Beethoven & the Broadwood Fortepiano
Beethoven owned a Broadwood fortepiano built in 1817, a gift from Thomas Broadwood who had met Beethoven in Vienna in the summer of that year. Broadwood asked five fortepianists living in London to help him select the appropriate instrument and had the names of these men engraved on a plaque. The keyboard of Beethoven's Broadwood spanned six octaves (CC to c''''), slightly narrower than the Beethoven Center's 1823 instrument (which extends up to f'''').
Map of the journey of Beethoven's Broadwood fortepiano
In December 1817, Broadwood shipped the instrument from London. It arrived in Vienna seven months later slightly damaged after an arduous journey over sea to Trieste, then by cart into Vienna.
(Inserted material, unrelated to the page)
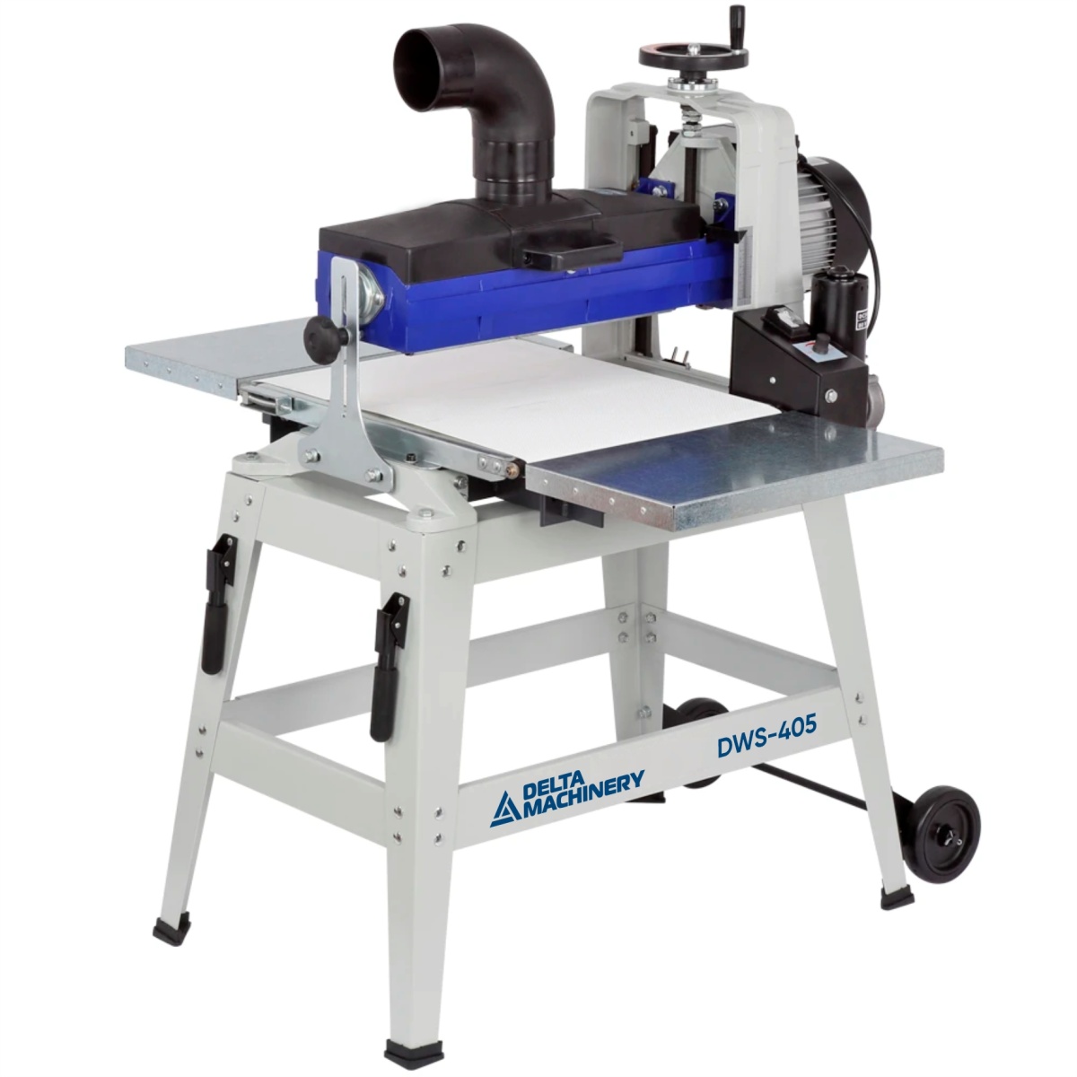 Шлифовальный барабан имеет консольное расположение. При необходимости обработки более широких заготовок можно снять левую стойку и в два прохода обрабатывать детали шириной до 800 мм.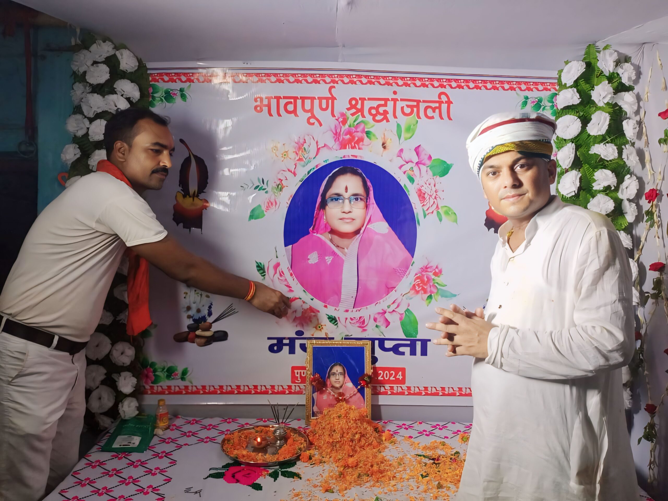 जगदूत न्यूज खगड़िया बिहार ब्यूरो चीफ प्रभु जी खगड़िया: जिले के मानसी प्रखंड के बलहा बाजार स्थित एलआईसी के विकास अधिकारी राजा कुमार एवं रूपेश कुमार की माता मंजू गुप्ता का बीते दिन इलाज के दौरान निधन हो गया था।वही मंगलवार को उसके आवास बलहा बाजार में श्रद्धांजलि सभा आयोजित किया गया। वही आपको बता दे की मंजू देवी पूर्व में हुए सरकार के द्वारा चलाई जाने वाली कई योजनाएं सर्व शिक्षा अभियान , साक्षरता अभियान बाल दीदी आदि के रूप में अपना योगदान दी थी। वह काफी सामाजिक, मिलनसार एवं मृदु भाषी महिला थी। वही मौके पर बलहा पंचायत के मुखिया राजेश भारती उर्फ पप्पु साह, सरपंच सुबोध यादव , मानसी नगर पंचायत के उप सभापति पप्पु कुमार सुमन, बलहा पंचायत समिति प्रतिनिधि मुकेश कुमार मधु , ग्राम स्वराज संघ के अध्यक्ष संतोष कुमार, भाजपा नेता गोपाल चौधरी, बलहा पंचायत के वार्ड सदस्य सह वार्ड संघ के कोषाध्यक्ष गुड्डू साह,अमर जायसवाल, पवन शाह , वरुण शाह, चंद किशोर शाह , शिव साह, गोपाल साह, रितेश भरती ,रंजीत भारती,राकेश भारती, रवि कुमार भारती, सिकेंदर वक्त आजाद, रामप्रवेश शर्मा, मनोज कुमार पटेल, प्रभु जी, सतीस कुमार रजक आदि दर्जनो  पत्रकार एवं सामाजिक कार्यकर्ताओ ने श्रद्धांजलि देते हुए उनकी आत्मा की शांति के लिए प्रार्थना की है।

Beethoven enlisted his friend, the Viennese piano builder Nanette Streicher, to make the necessary repairs. Beethoven kept the instrument at his home in the Schwarzspanierhaus until his death in 1827, and it was then sold to C. Anton Spina, a music publisher.
In 1845, Spina gave the instrument to Franz Liszt who kept it in his home in Wiemar until he donated it to the Hungarian National Museum in 1874. In 1991, Beethoven's Broadwood was restored to playable condition and was featured in a tour with the fortepianist Melvyn Tan.